Meditation has always been important to me. Taking some time to really center yourself and just relax. I tended to meditate at the end of the day before bed. I have problems slowing down my mind when I try to sleep, so this did wonders for calming myself down and getting ready to fall asleep. Instead of reflecting on my day, I was relaxing body and letting calmness overcome me. It was extremely helpful and I will continue to make these 5 and 10 minute mediations a part of my daily routine.

4. Vegetarianism

This aspect of my week was to learn about other people’s perspectives and remind myself that I am doing all of this to learn and grow. All I can say is that this part was really tough. I without a doubt could not survive as a vegetarian. While I have heard that the first few weeks are the hardest, it was miserable. I felt tired the entire week, sleep didn’t recover me as well as it did before – I would wake up feeling just as tired as when I went to bed and not refreshed at all. I craved meat, not because of the taste as much as I just wanted sustainable energy again. I felt that if I ate some meat I would be energized the way I did before I stopped.
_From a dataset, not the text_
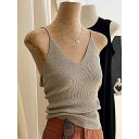 キャミソール レディース セクシー Vネック ノースリーブ ニット インナー 美背 スリムフィット アクリル素材 黒 白 カーキ おしゃれ トレンド フェミニン 普段使い 夏 トップス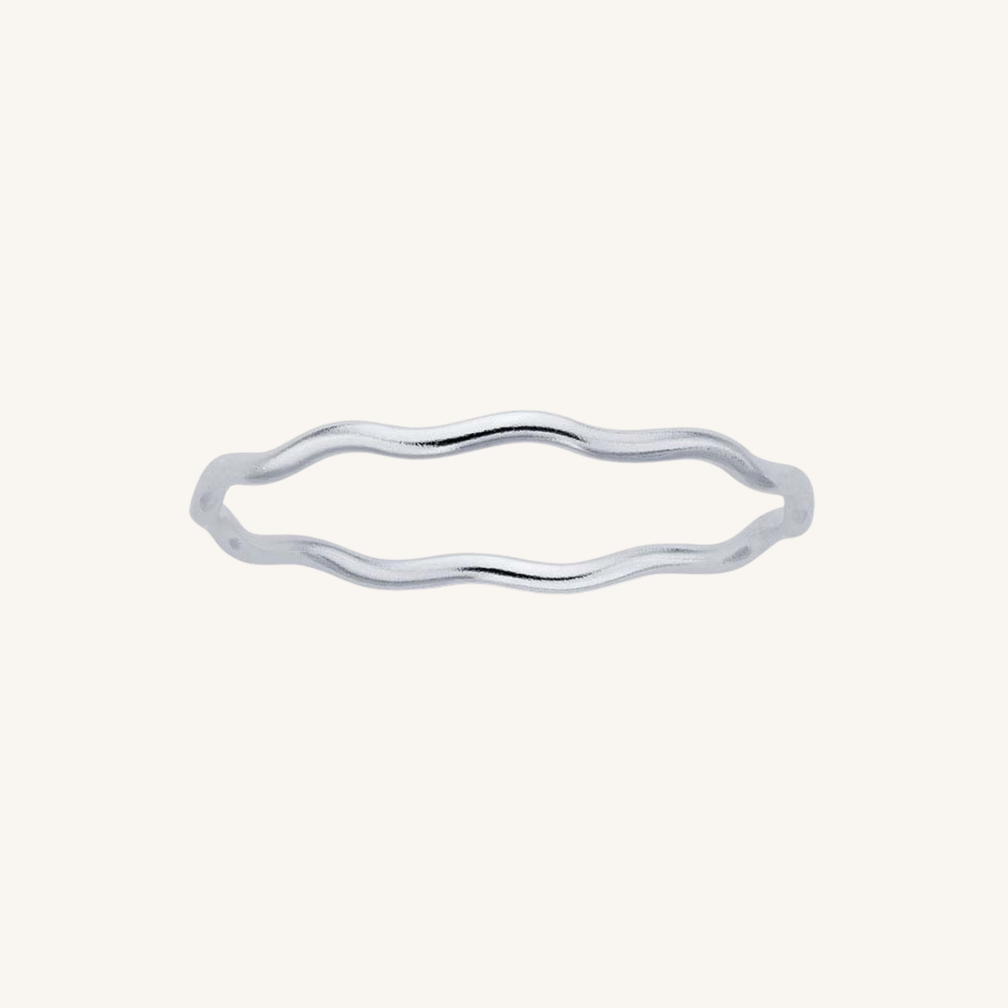 This wave-inspired silver ring is a perfect blend of modern style and precious metal. Its sleek design is sure to make a statement.

I was eating tofu, kale, quinoa, falafel, carrots and hummus, peanut butter, eggs; just about everything that was healthy and vegetarian (because it is very easy to be an unhealthy vegetarian) and I still felt hungry every hour and tired all of the time. My performance in the gym didn’t suffer at all because it was only a week, but I did have to drink coffee more or take preworkout more than usual during this week because I was so exhausted. Definitely won’t be doing this part again any time soon but it was a very enlightening experience. Though I find myself questioning those who are vegetarian just because even more now, but again, maybe if this was a 3 week experiment I might have felt better.


All in all I did enjoy this experience. I am definitely going to be implementing some things I learned and absolutely making some changes in my lifestyle because of what I was able to discover. It was a very calming and interesting week and just one of the ways I plan on testing myself in the near future.